As mentioned in the introduction, a second strategy for addressing drinking water quality problems is to use a variety of water treatment systems for domestic use. These systems are divided into two main categories: Point-of-Entry systems (POE), which are installed at the entrance of water into the household (e.g., water softeners, disinfection devices, etc.), and Point-of-Use (POU) systems, which can be installed directly into one of the water sources available in the household (reverse osmosis, activated carbon filters, etc.) [20]. POU systems have lower capacity and higher operating costs but are cheaper and easier to install than POE. Of all these systems, jugs or bottles dominate the market in terms of sales and value. The success of bottles can be attributed to their low cost and the fact that they do not require installation Markets. Point-of-use water treatment systems market by equipment [21].
Bottled mineral water manufacturers must obtain ISI certification from the Bureau of Indian Standards (BIS). The BIS tests water samples from these systems at an independent laboratory. Only if the samples are found to be safe does the plant receive official confirmation and a license number [9,22,23].
The various treatment processes for factory-packaged drinking water are decantation, sand filtration, silver ionization, ion exchange, and reverse osmosis. Among chemical disinfectants, free chlorine is most used for water treatment. Tanks are visually inspected for suspended solids and leaks using an illuminated screen [9].

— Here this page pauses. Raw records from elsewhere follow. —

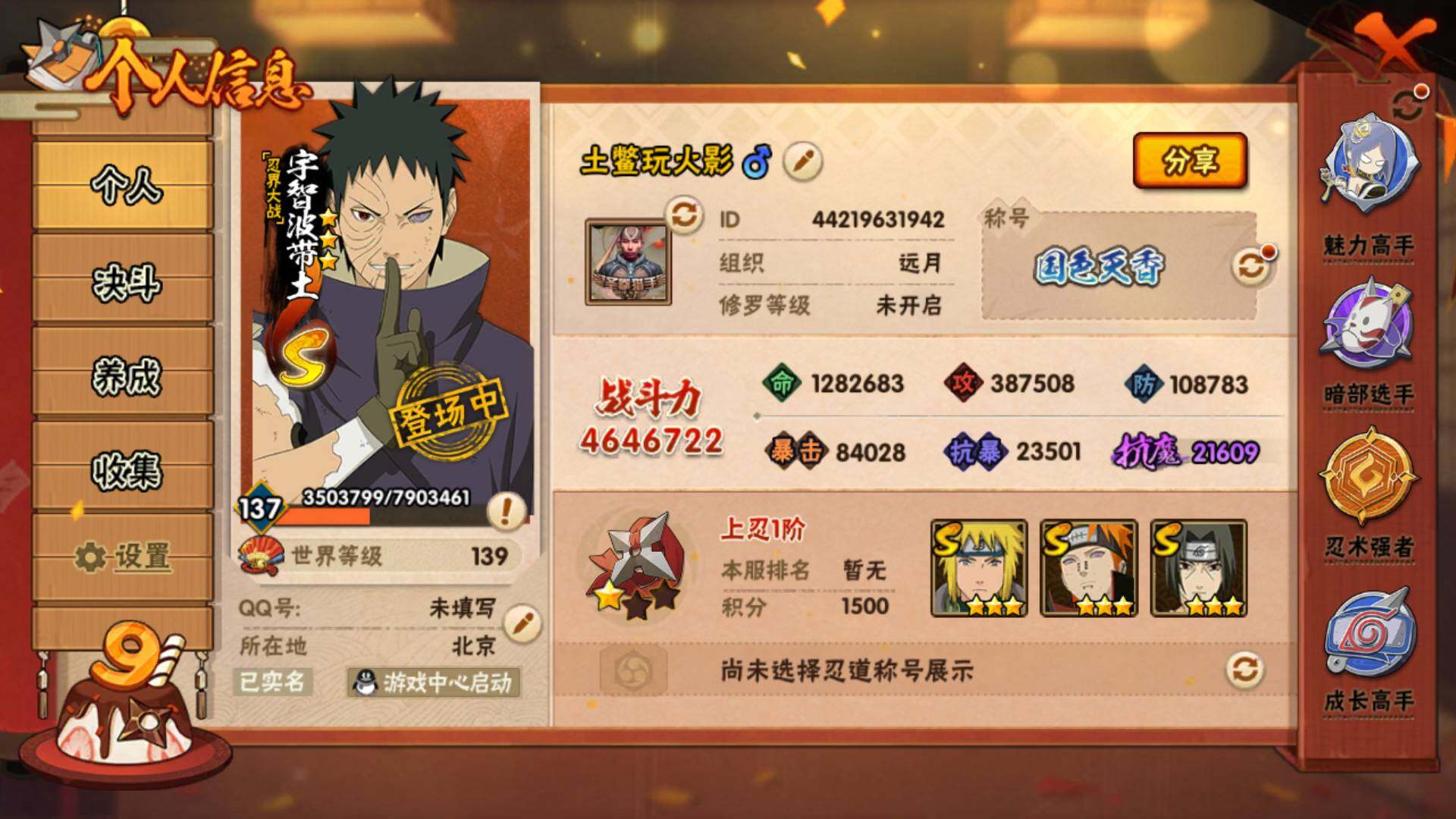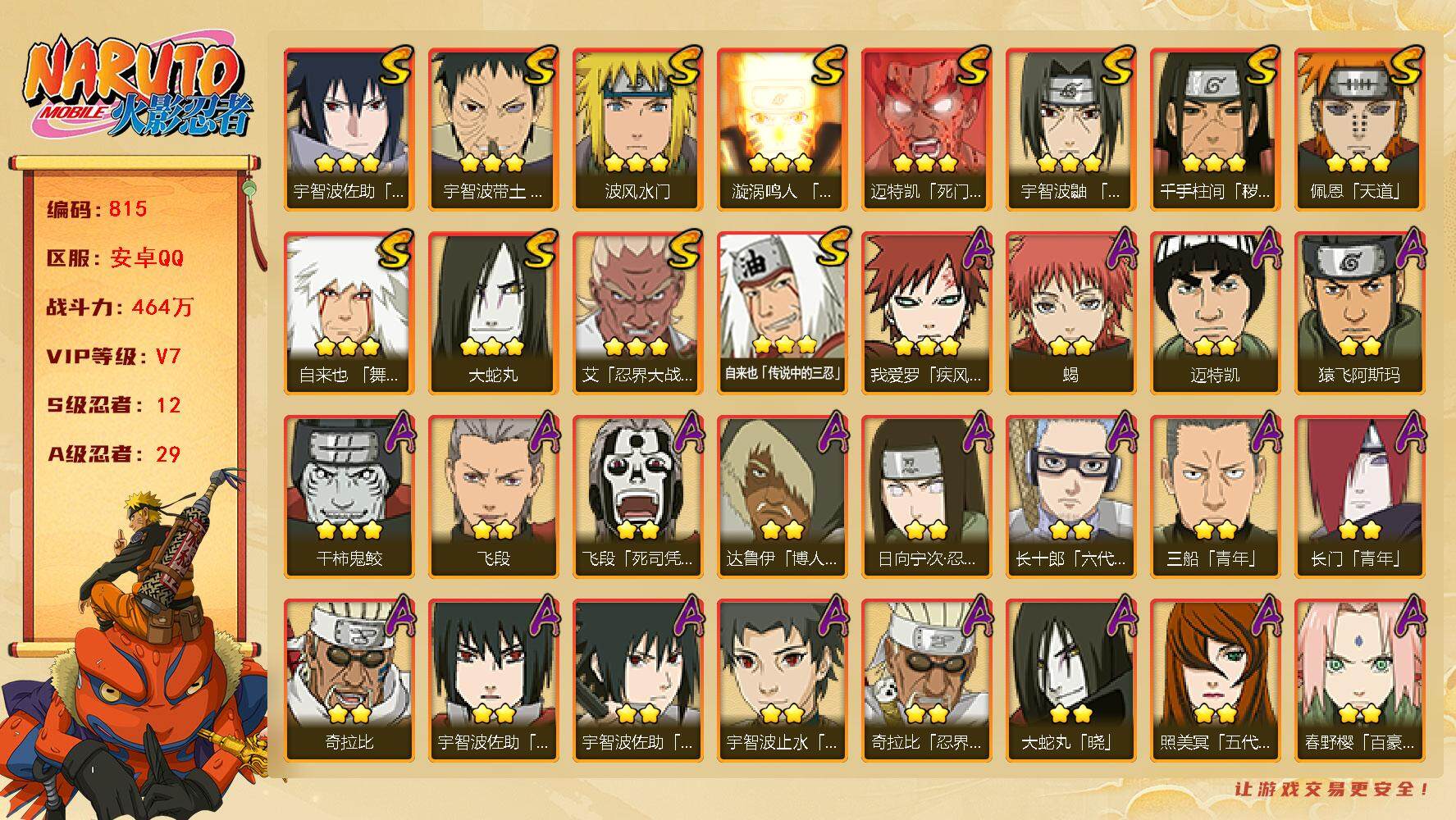 [14443790]v7 12s 29a 464玩战力 有熊猫 zp3285 【s级忍者】:千手柱间「秽土转生」3星,宇智波带土「忍界大战」3星,艾「忍界大战」3星,宇智波鼬「须佐能乎」3星,自来也「舞之豪杰」3星,大蛇丸3星,自来也「传说中的三忍」3星,波风水门3星,漩涡鸣人「九喇嘛连结」3星,迈特凯「死门」3星,佩恩「天道」3星,宇智波佐助「永恒万花筒」3星 【a级忍者】:三船「青年」2星,长门「青年」2星,达鲁伊「博人传」2星,大蛇丸「晓」2星,奇拉比2星,奇拉比「忍界大战」2星,飞段2星,飞段「死司凭血」2星,干柿鬼鲛3星,漩涡博人「桃式显现」2星,迈特凯2星,旗木卡卡西「幻之真容」2星,桃地再不斩「秽土转生」2星,我爱罗「疾风传」3星,蝎2星,猿飞阿斯玛2星,宇智波止水「新春限定」2星,宇智波佐助「须佐能乎」2星,宇智波佐助「万花筒写轮眼」2星,照美冥「五代目水影」2星,日向宁次「忍界大战」2星,日向雏田「最终章」2星,长十郎「六代目水影」2星,李洛克「忍界大战」2星,春野樱「百豪」2星,秋道丁次「忍界大战」2星,千代「近松十人卫」2星,宇智波泉奈2星,大野木「侠隐江湖」2星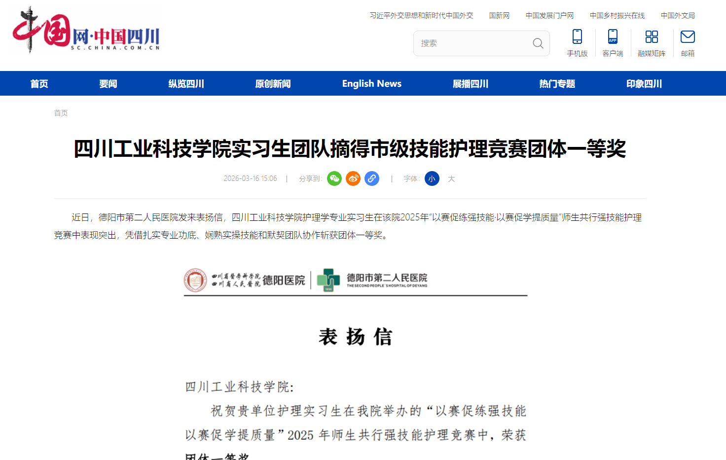 近日,德阳市第二人民医院发来表扬信,四川工业科技学院护理学专业实习生在该院2025年“以赛促练强技能·以赛促学提质量”师生共行强技能护理竞赛中表现突出,凭借扎实专业功底、娴熟实操技能和默契团队协作斩获团体一等奖。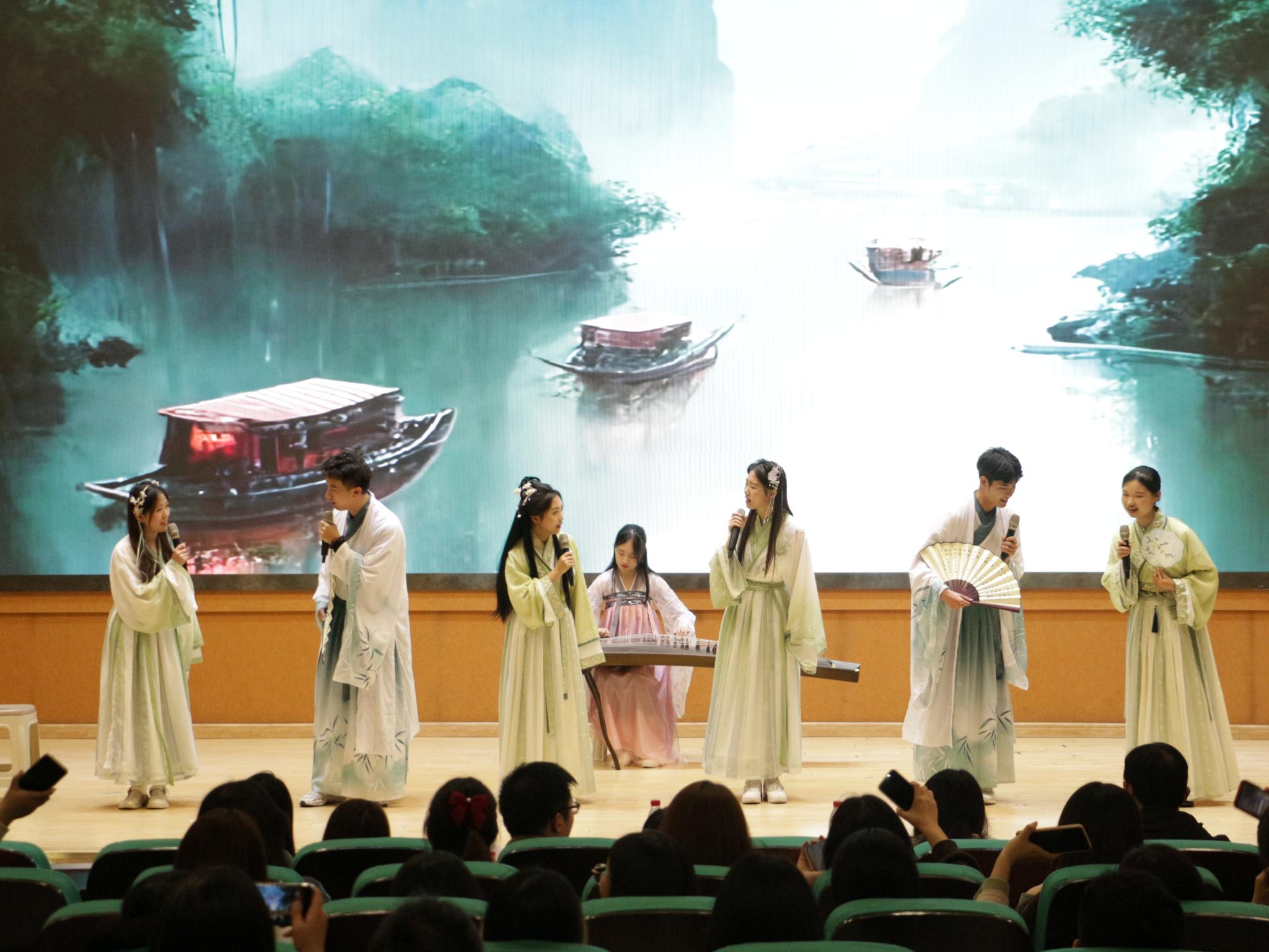 衣冠上国、礼仪之邦,始称华夏,《千年国风,霓裳入梦》以时间为介质,展现千年汉服的演变史,让霓裳再入梦境;人生短,行路难,日向晚,声声慢。这千古一愁,而今又赋新曲《声声慢》;肢体是心灵的回响,动作是思绪的延长,时而青春活力,时而张力迸发。跳动的音符演奏着青春的活力,《play》展示着青春的风采;合唱《烟雨行舟》蕴含着江南的韵味;朗诵《青春赞诗》宣告青春属于每一个在场的人,也属于每一个为理想去拼搏去奋斗的人。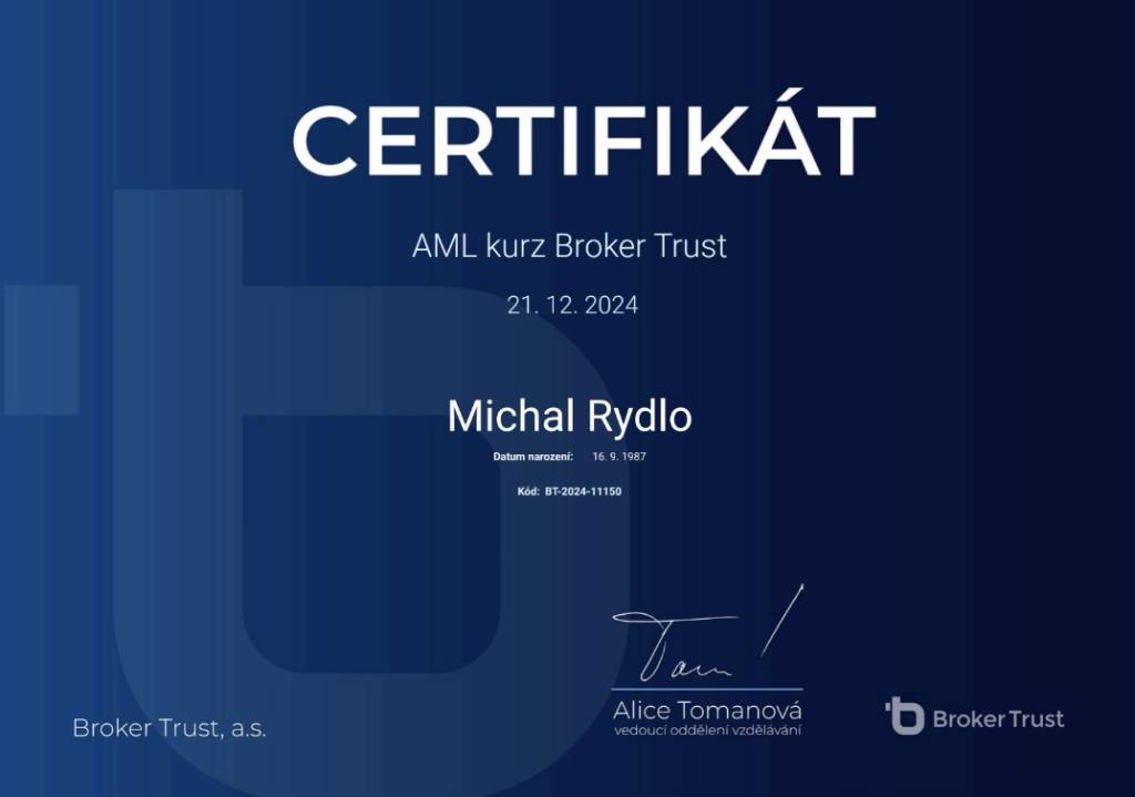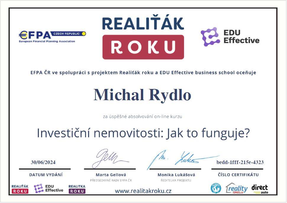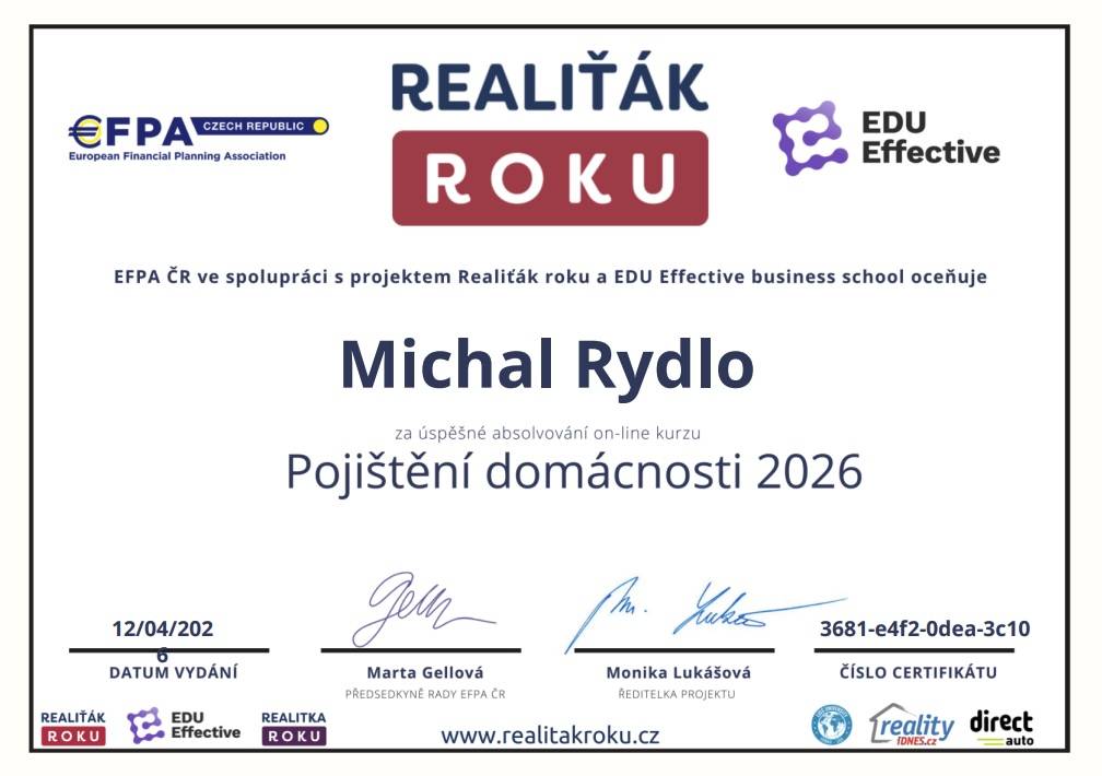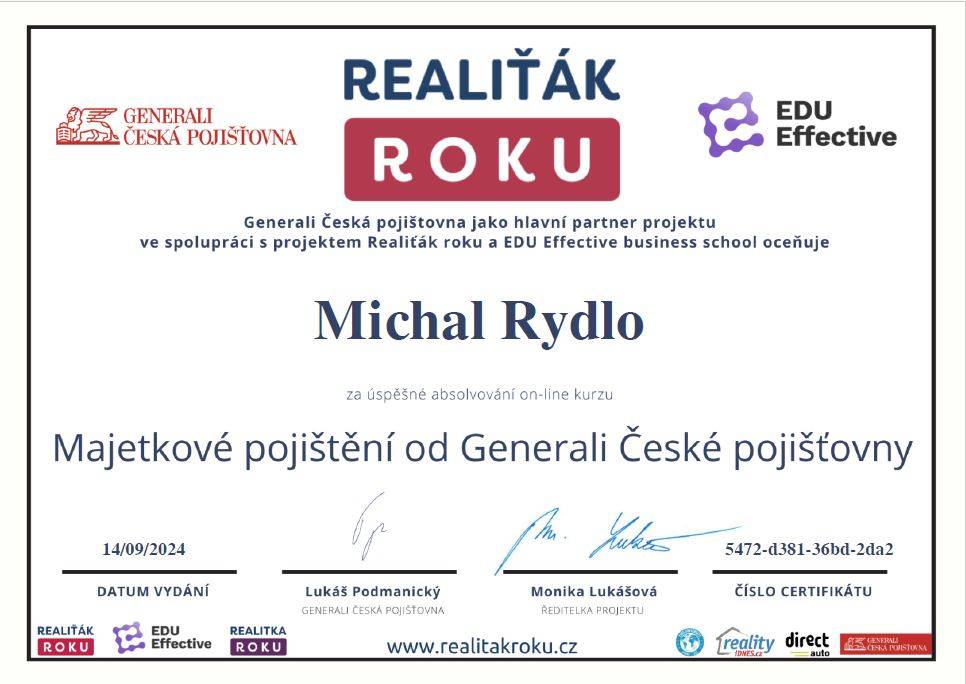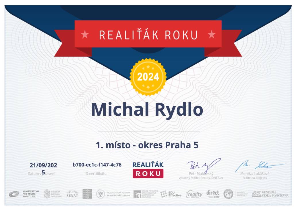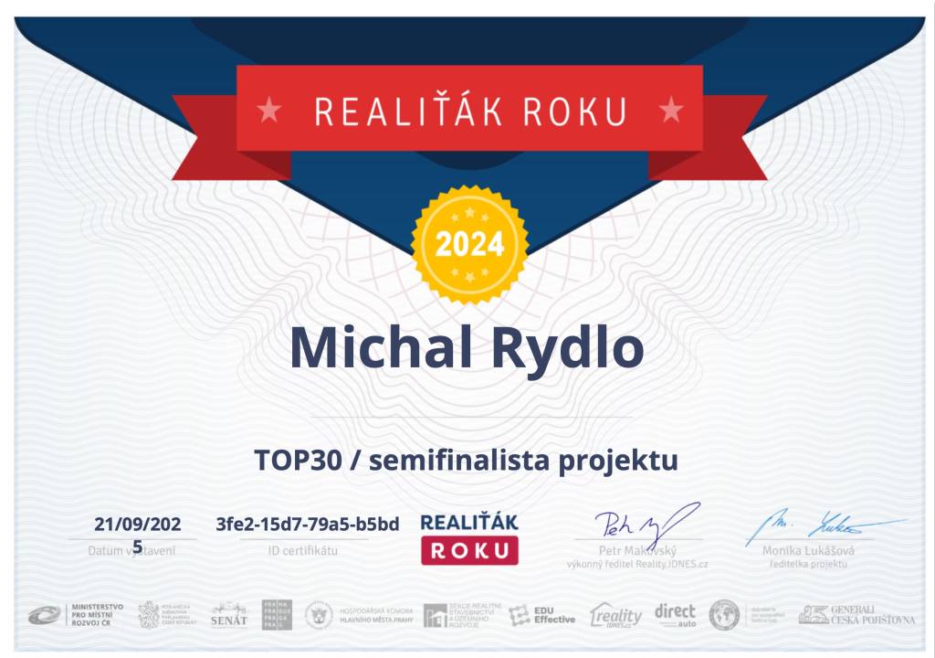 Spolupráce s Ing. Michalem Rydlem byla naprosto skvělá. Všechno hned vyřešil, komunikace byla bezvadná a profesionální. Udělal perfektní prezentaci nemovitosti, vždy ochotně a dobře poradil a vysvětlil vše potřebné. Vřele doporučuji každému, kdo hledá spolehlivého a schopného makléře se kterým je radost spolupracovat.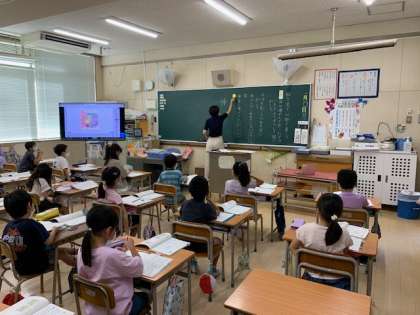 10月4日(月)2時間目、2年1組は「絵を見てお話をが書こう」を学習していました。「3の場面でおこったできごとを想像して絵に描こう」というめあてで学習していました。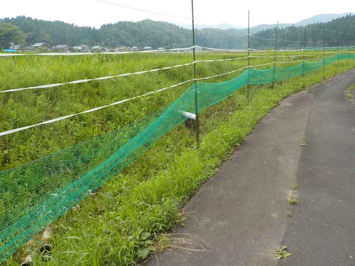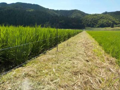 高山農園の田んぼのある地域は山沿いにあるので、毎年イノシシやシカの被害に遭います。動物の被害とは思っている以上にひどく、対策をしておかないと田んぼが1枚丸ごと全滅なんてこともあります。そのため、電気柵やワイヤーメッシュ、防獣ネットなどが欠かせません。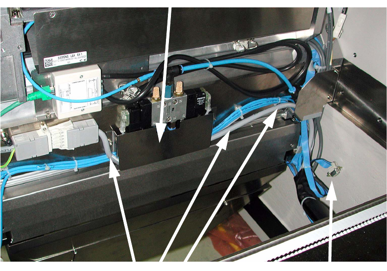 Run the cable under the metal cover on the pneumatic valve (see photograph below).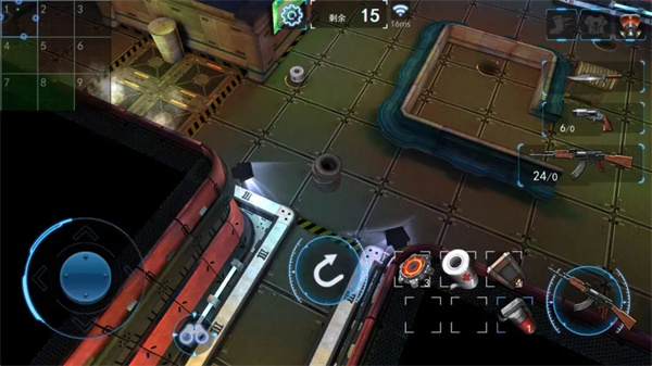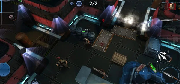 1、俯视角操作:采用俯视角设计,解决移动设备上FPS游戏的操作难题。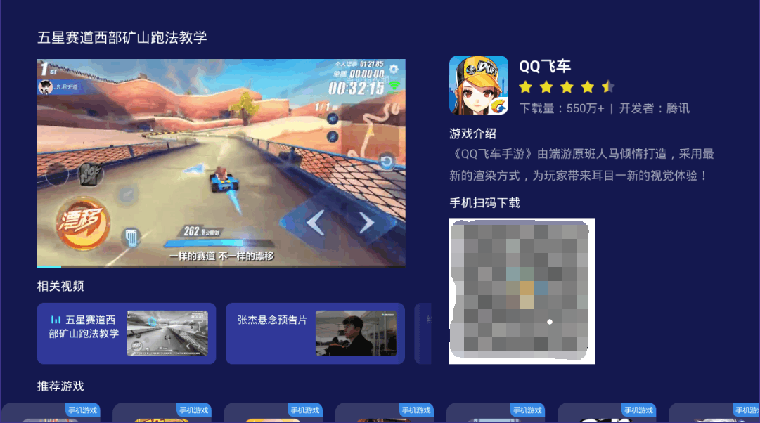 为了能更方便用户,当贝市场在介绍手游的页面将提供手游的下载二维码及游戏的相关视频,在视频中可观看当贝市场为玩家提供的玩法解析,可边看边玩,轻松通关拿第一。以QQ飞车为例,QQ飞车手游在玩法上传承了端游的操作,如竞速赛、道具赛、排位赛、剧情模式等,还有诸多道具帮助玩家在比赛过程中增加获胜几率。 当贝市场一直深受电视用户信赖,不止是应用商店中安全无广告的应用下载包,还兼具了软件管理下载的作用。当贝市场为更加便捷的吸引用户紧跟热门手游潮流,同时帮助游戏开发者增加曝光量和传播速度,提高玩家的兴趣,调动玩家积极性。

Despite all these protective measures, the presence of impurities in the bottled mineral water indicates that the treatment process in the plants is not effective [8]. Therefore, it was necessary to verify the quality of the bottled mineral water available at this site.

Materials & Methods

Study Area and Sample Collection:
This project is carried out in Hyderabad, Telangana State.
Collection of Samples:
A total of 20 samples of bottled mineral water samples (20 brands) and 20 municipal tap water samples were collected from different parts of Hyderabad. The bottled mineral water samples were checked for good condition with intact caps and protective seals before purchase. The date of manufacture and batch numbers were documented. Municipal tap water samples were collected in sterile containers. They were taken to the laboratory and analyzed for total bacterial load and the presence of bacterial indicators of drinking water quality. For the purposes of this study, the bottled mineral water brands were coded B1- B20 and the municipal tap water samples were coded T1-T20. Samples were stored at 4°C until further analysis, and water quality parameter analysis was performed according to the standard methods of Martel et al. (2006) [24], APHA (2012) [25], and IBWA (2012) [26]. Inoculations into selective media were performed within 24 hours of water sample collection (Figure 1).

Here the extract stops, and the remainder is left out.